I’d never seen such behavior in him. And didn’t want to interfere with what he was doing---but knew whatever it was it was important to him, and it brought comfort to Fran and waves of pleasure and laughter, as this strange creature would sacrifice, his food, water, sleep and walks---to tend to her. The ultimate sacrifice of God – Dog.

It was time to return to WRAMC and Sunday would head off to N. H. for a month. I would drive Fran back to D. C. and care for her through the final five rounds of Chemo and exploratory surgery.
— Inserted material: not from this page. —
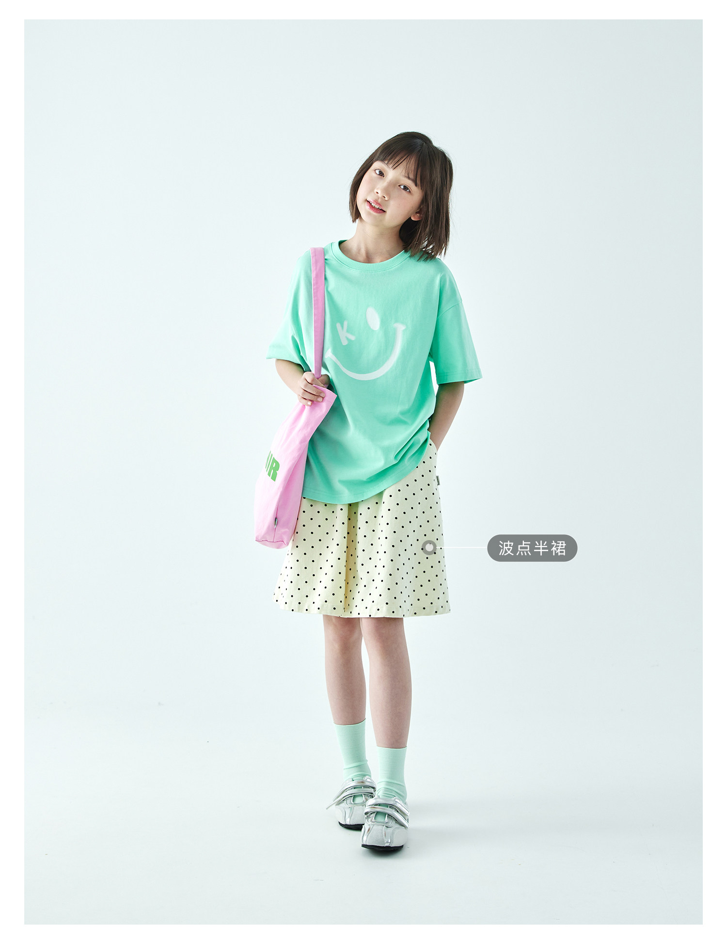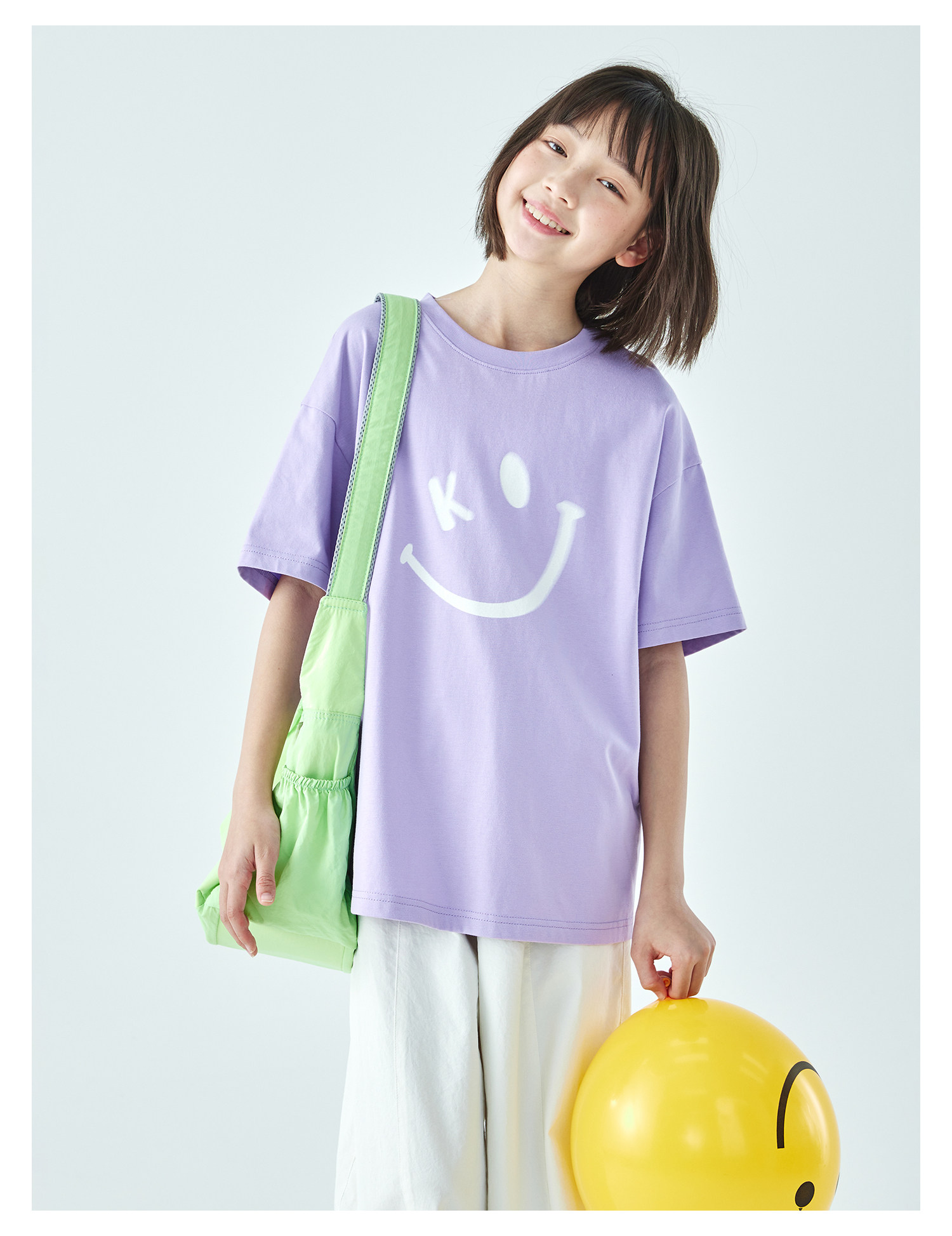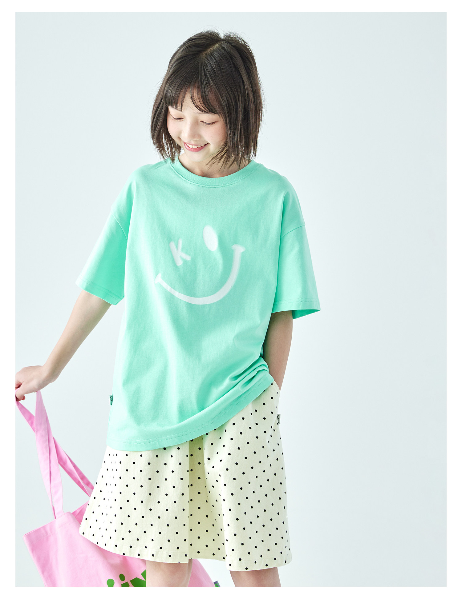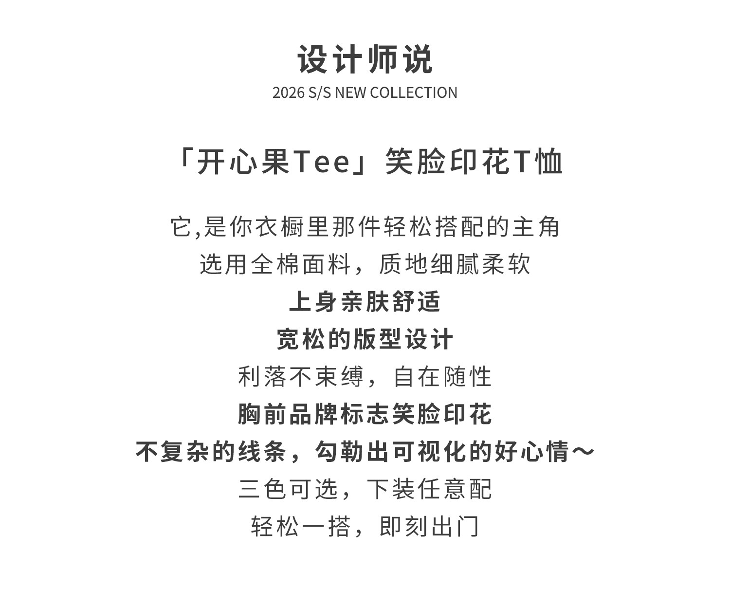 棵初「开心果T」2026年夏季新款亲子中大女童笑脸印花T恤纯棉短袖
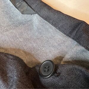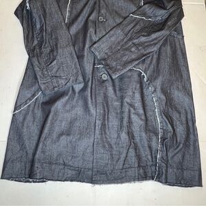 Contemporary. Artistic. Sophisticated. Comfortable. This is stylish and unique trench coat by Japanese fashion company Moyuru. Button down layout with two side pockets. Can be worn multiple ways to suit your mood. Dark blue / indigo denim. 100% cotton. Hard to find.

The darkness of the womb was calling her home, and at the same time her heart was beating stronger towards the light, towards the love cradling her back to health. The strings of her memories, the melody to her songs awakened the eye of hope, and courage was born. The goodwill and faith of others pulled her back into life as she turned a corner onto a different path. The wheel no longer in her hands, she proceeded with caution and edging herself out of the tunnel of fear, towards the rebirth of the woman she has become.

By November 2006, after 35 rounds of Chemo, and three surgeries, Fran was deemed in clinical remission. The sun returned to nourish her sprouting red locks and sparked the wisdom beaming from her eyes. As she shed the infant; the innocence no longer paints her face. And shrugged off the spine of an old woman as she walked into the future---holding the hand---of hope. The death sentence is lifted, the words remission propel her back into life as she’s once again, Fit for Duty.

God is omni present, taking Fran’s hand and walking her back to the soldiers returning from war---like her. With conviction in tact, she dons her Army uniform---black and gold crosses on her lapel, and once again, Fran the Chaplain returns to the path of comforting the military men and woman---with the furry paws of God.